De volgende voorbeeld-shader-code declareert twee interfaces.
interface iBaseLight
{
float3 IlluminateAmbient(float3 vNormal);
float3 IlluminateDiffuse(float3 vNormal);
float3 IlluminateSpecular(float3 vNormal, int specularPower );
};
interface iBaseMaterial
{
float3 GetAmbientColor(float2 vTexcoord);
float3 GetDiffuseColor(float2 vTexcoord);
int GetSpecularPower();
};
Klassen declareren
Een klasse gedraagt zich op een vergelijkbare manier als klassen in C++. Een klasse wordt gedeclareerd met het trefwoord klasse en kan lidvariabelen en -methoden bevatten. Een klasse kan overnemen van nul of één klasse en nul of meer interfaces.

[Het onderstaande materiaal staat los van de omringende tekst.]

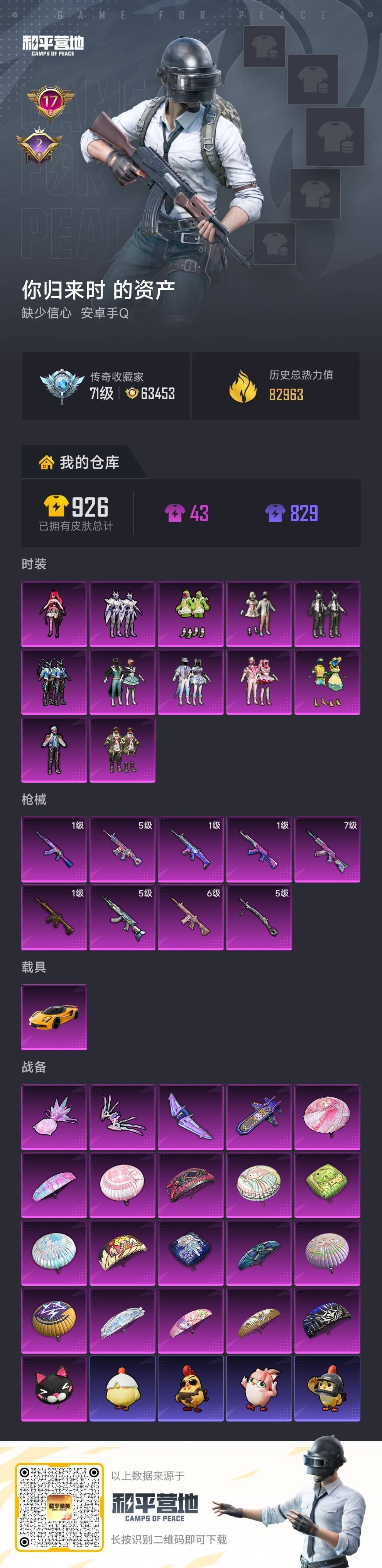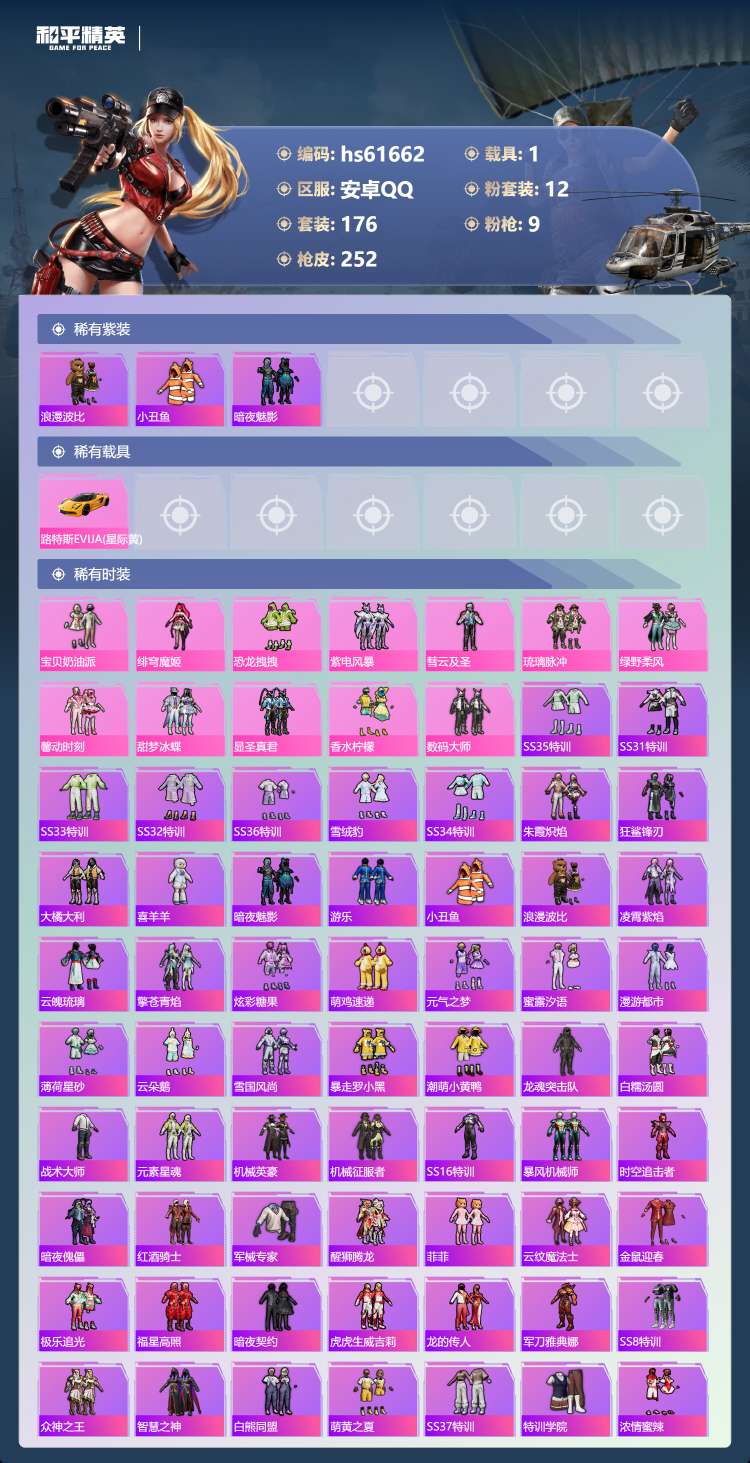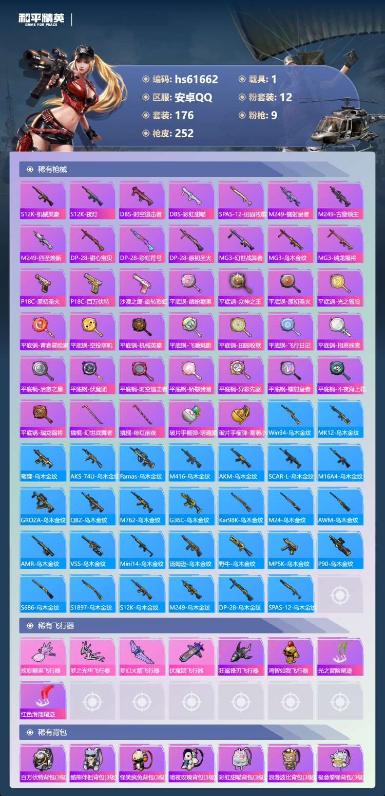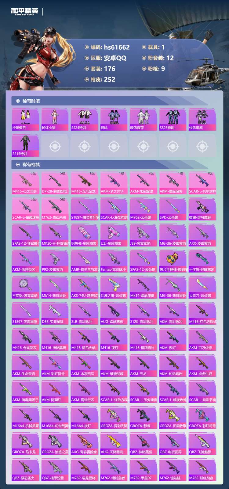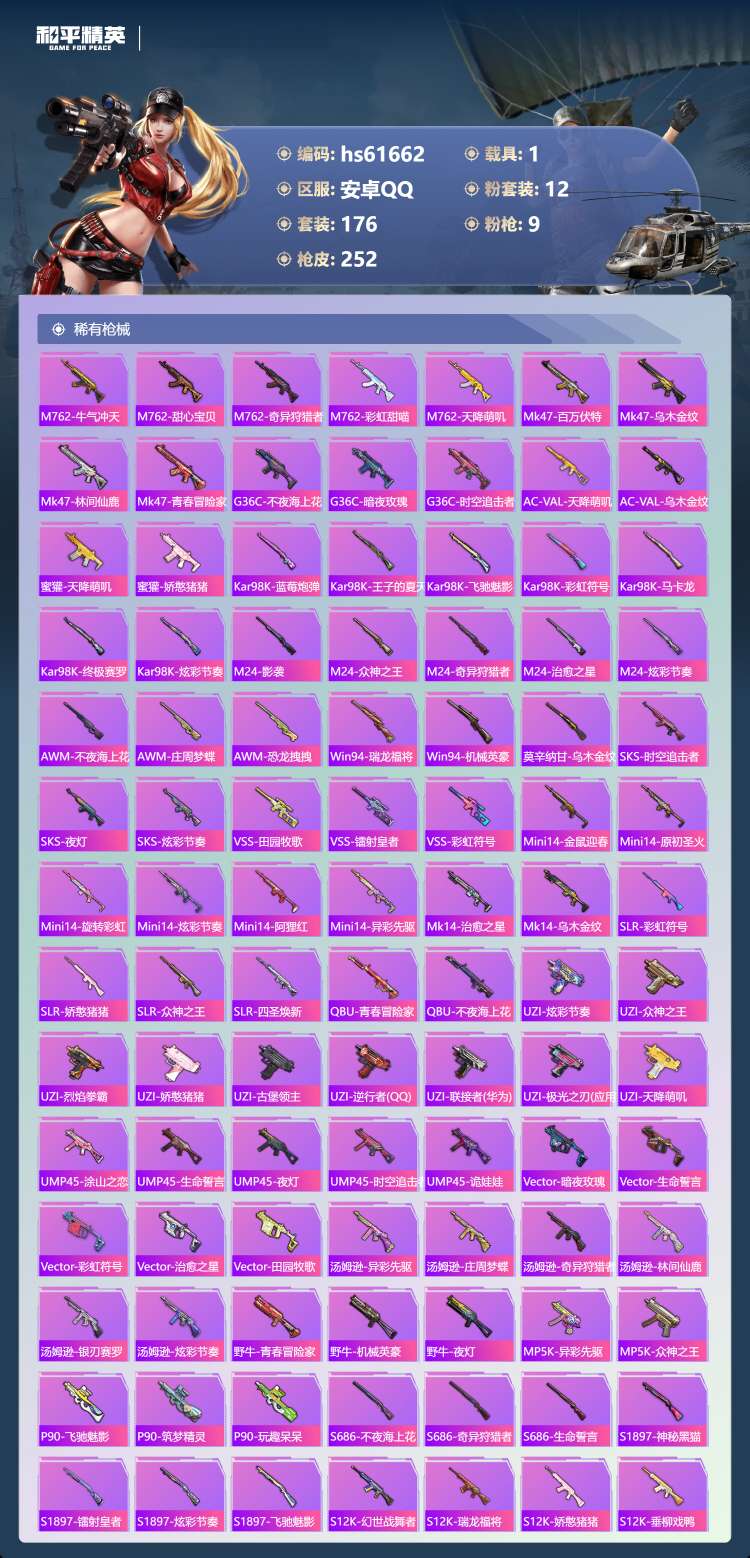 hs61662 安卓手Q-17王牌印记-12粉装-9特效枪-1载具-82963热力值-176套装-2

Klassen moeten implementaties implementeren of overnemen voor alle interfaces in de overnameketen of de klasse kan niet worden geïnstantieerd.
De volgende voorbeeld-shader-code illustreert het afleiden van een klasse uit een interface en van een andere klasse.

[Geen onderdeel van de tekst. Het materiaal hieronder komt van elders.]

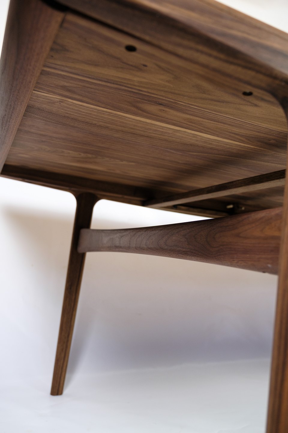 Evermore spisebord, designet af Arne Hovmand-Olsen i 1955 og fremstillet af Warm Nordic, er udført i valnød og repræsenterer et klassisk eksempel på dansk designtradition. Bordet kombinerer tidens minimalistiske stil med organiske former, hvor de lette, afrundede kanter og slanke ben giver det et elegant og harmonisk udtryk.
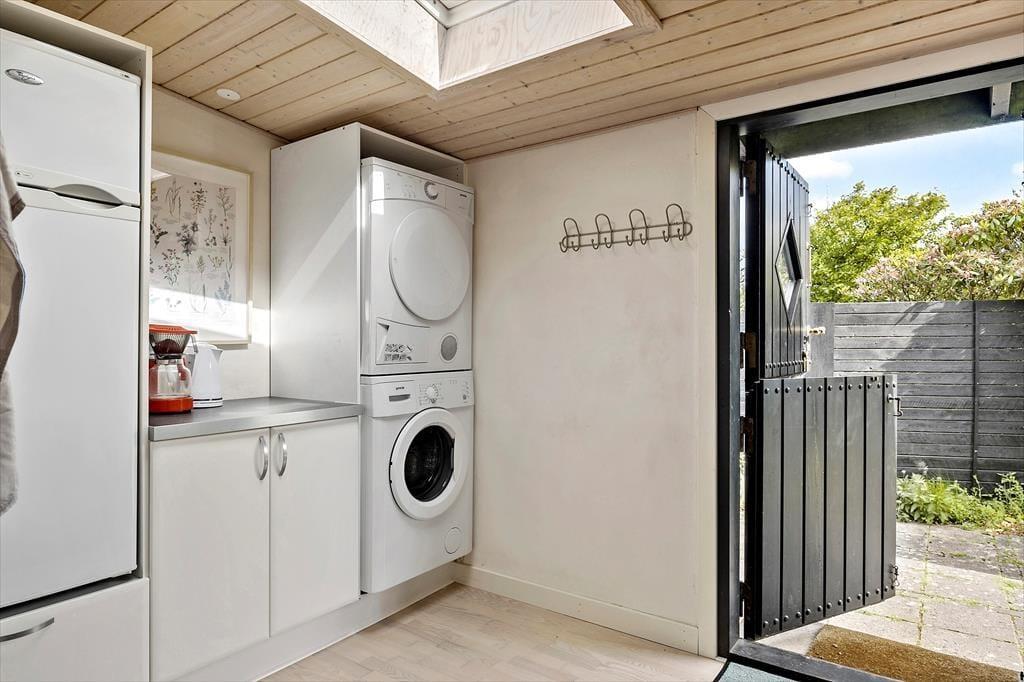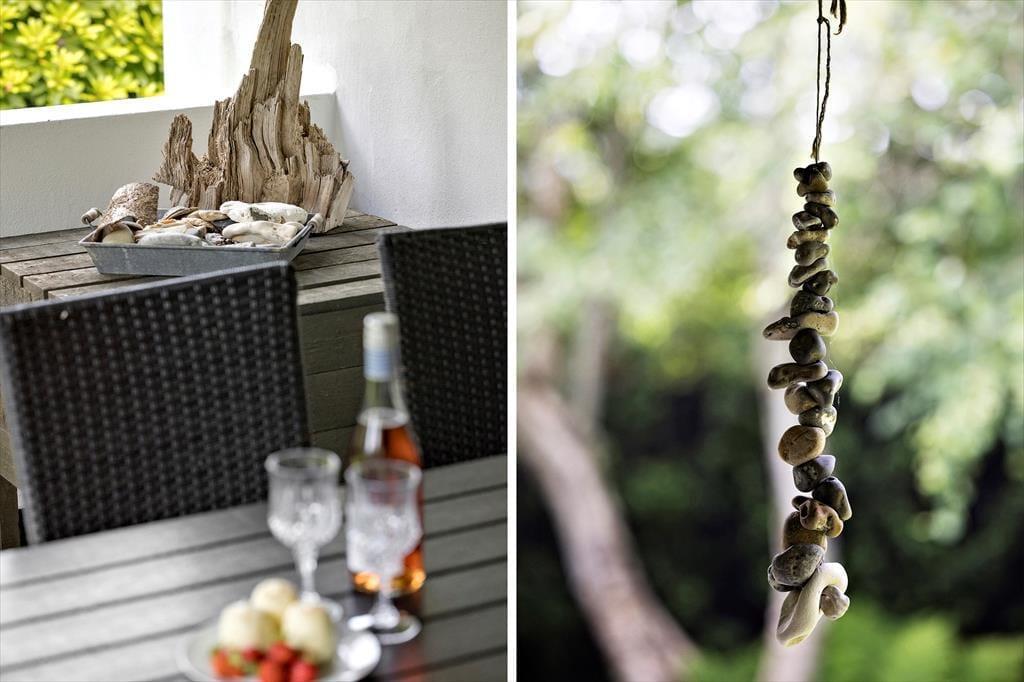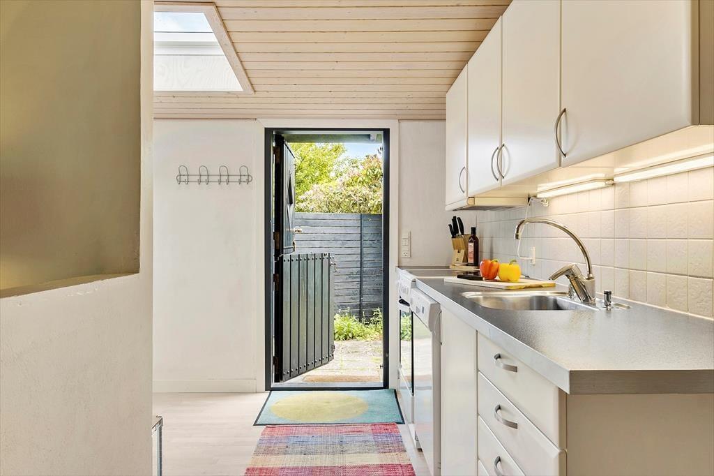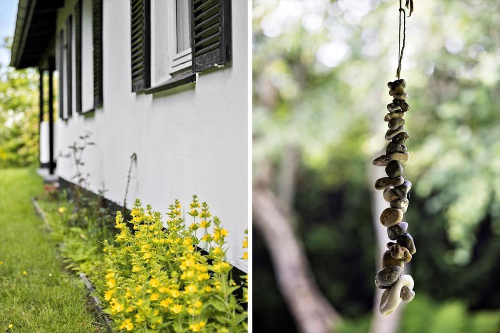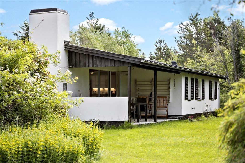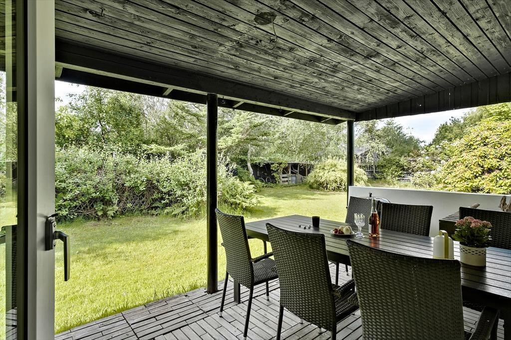 På en fredfyldt sommermorgen kan du oplagt spise morgenmad og drikke kaffe ude i det fri – og hvis du ikke har lagt planer for dagen, er det fristende at blive her i timevis for at nyde det gode vejr på tilbagelænet vis. Der ligger en åben terrasse ud for køkkenet, og mod syd fungerer en overdækket terrasse som en dejlig forlængelse af stuen. På husets vestside finder du en udendørs pejs: Tænk, hvor stemningsfuldt det kan være at sidde her en stille sommeraften, omgivet af grundens grønne frodighed og i skæret fra flammerne, mens tusmørket langsomt breder sig.

class cAmbientLight : iBaseLight
{
float3 m_vLightColor;
bool m_bEnable;
float3 IlluminateAmbient(float3 vNormal);
float3 IlluminateDiffuse(float3 vNormal);
float3 IlluminateSpecular(float3 vNormal, int specularPower );
};
class cHemiAmbientLight : cAmbientLight
{
float4 m_vGroundColor;
float4 m_vDirUp;
float3 IlluminateAmbient(float3 vNormal);
};
Declaraties van interface-exemplaren in een shader
Een interface-exemplaar fungeert als een tijdelijke aanduiding voor klasse-exemplaren die een implementatie van de methoden van de interface bieden. Met behulp van een exemplaar van een interface kan shader-code een methode aanroepen zonder te weten welke implementatie van die methode wordt aangeroepen. Shader-code declareert een of meer exemplaren voor elke interface die wordt gedefinieerd. Deze exemplaren worden op een vergelijkbare manier gebruikt in shader-code als C++-basisklassepointers.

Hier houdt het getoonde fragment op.